• **Exercise directions**
Please reproduce the data exactly, though every picture must stay out.

(Given material Opens)

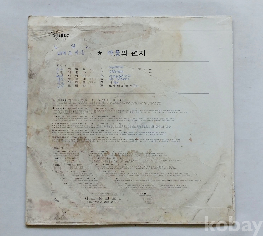 | 자켓상태 | EX : 약간의 마모, 모서리 찢김 존재 | 음반상태 | EX : 재생에 영향 없는 가벼운 기스 존재 | 발매정보 | 알수없음 | 가사지여부 | 무 |
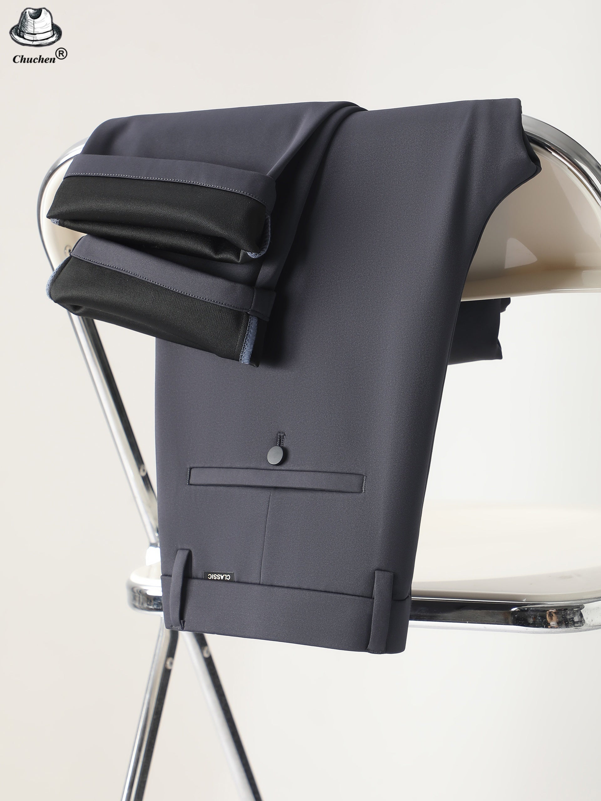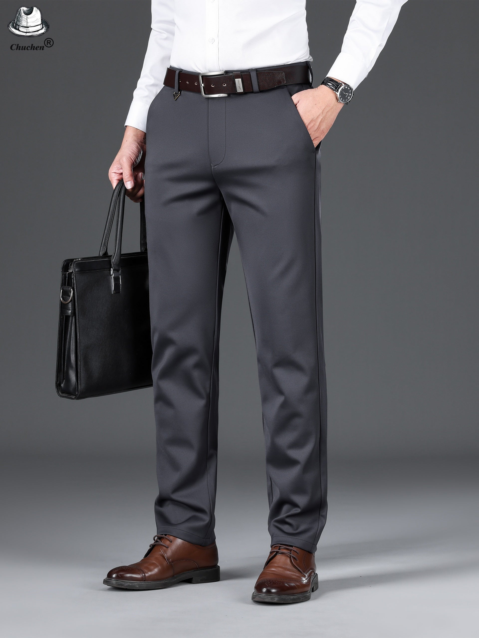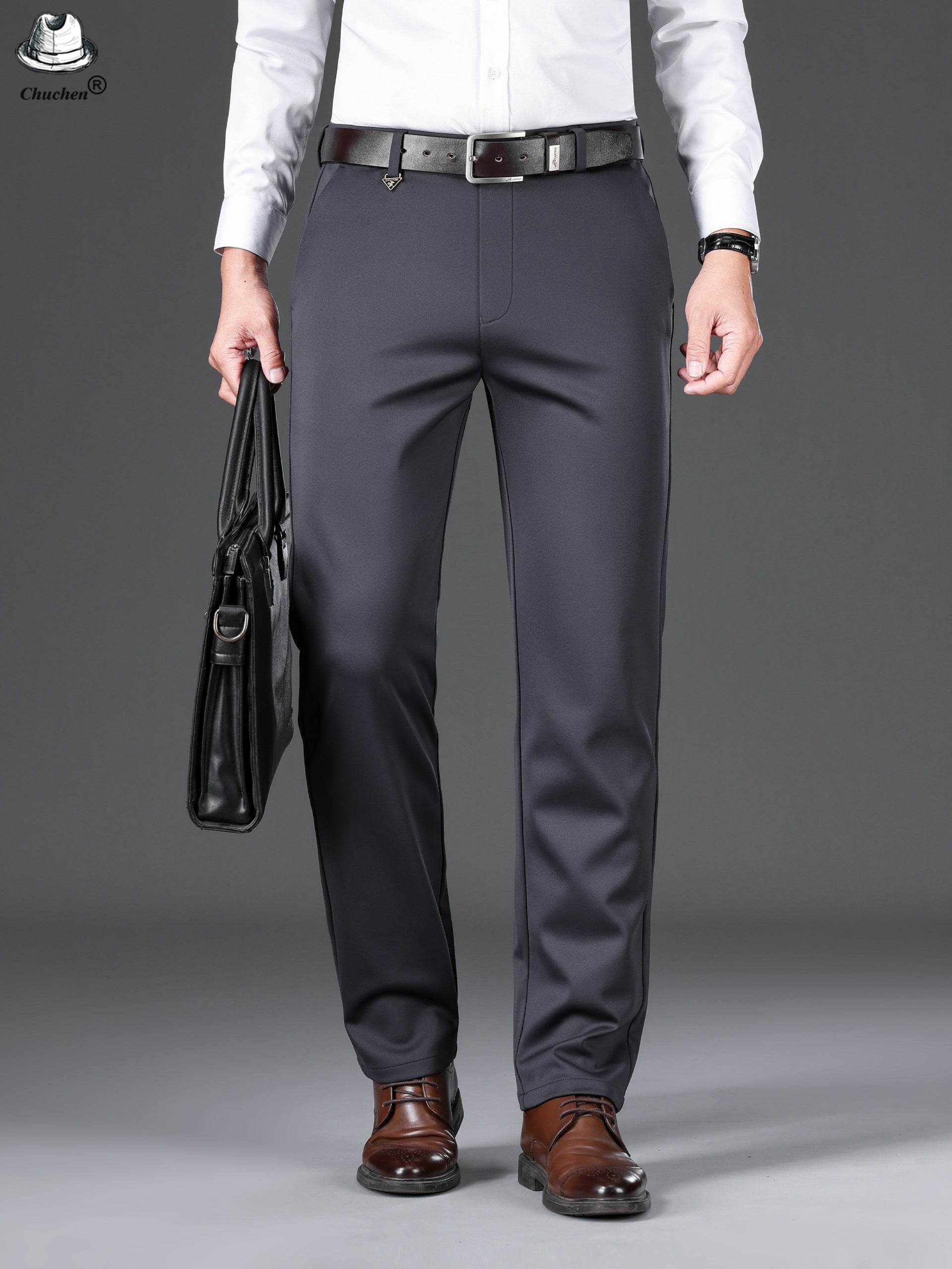 Men's Classic Black Business Dress Pants - Stretch Nylon Blend, Machine Washable, Regular Fit for Office & Formal Wear, Professional Clothing | Regular Fit Suit | Nontransparent Material, Pant Suits
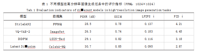 高保真图像生成要求模型不仅能复原目标图像的结构特征,还需在纹理、边缘和语义一致性方面达到真实图像水平。为全面评估生成图像的保真度与多样性,常用指标包括峰值信噪比(PSNR)、结构相似性指数(SSIM)、感知图像质量评估指标(LPIPS)以及分布相似度评价如Fréchet Inception Distance(FID)。在实际评估中,FID越低代表生成分布越接近真实图像分布,SSIM与PSNR值越高表示图像结构还原效果越好。在公开数据集FFHQ上,几种主流扩散模型在1024×1024分辨率下的对比结果如表1所示。

(Given material Closes)

• **Response to the exercise**
 | 자켓상태 | EX : 약간의 마모, 모서리 찢김 존재 | 음반상태 | EX : 재생에 영향 없는 가벼운 기스 존재 | 발매정보 | 알수없음 | 가사지여부 | 무 |
 Men's Classic Black Business Dress Pants - Stretch Nylon Blend, Machine Washable, Regular Fit for Office & Formal Wear, Professional Clothing | Regular Fit Suit | Nontransparent Material, Pant Suits
 高保真图像生成要求模型不仅能复原目标图像的结构特征,还需在纹理、边缘和语义一致性方面达到真实图像水平。为全面评估生成图像的保真度与多样性,常用指标包括峰值信噪比(PSNR)、结构相似性指数(SSIM)、感知图像质量评估指标(LPIPS)以及分布相似度评价如Fréchet Inception Distance(FID)。在实际评估中,FID越低代表生成分布越接近真实图像分布,SSIM与PSNR值越高表示图像结构还原效果越好。在公开数据集FFHQ上,几种主流扩散模型在1024×1024分辨率下的对比结果如表1所示。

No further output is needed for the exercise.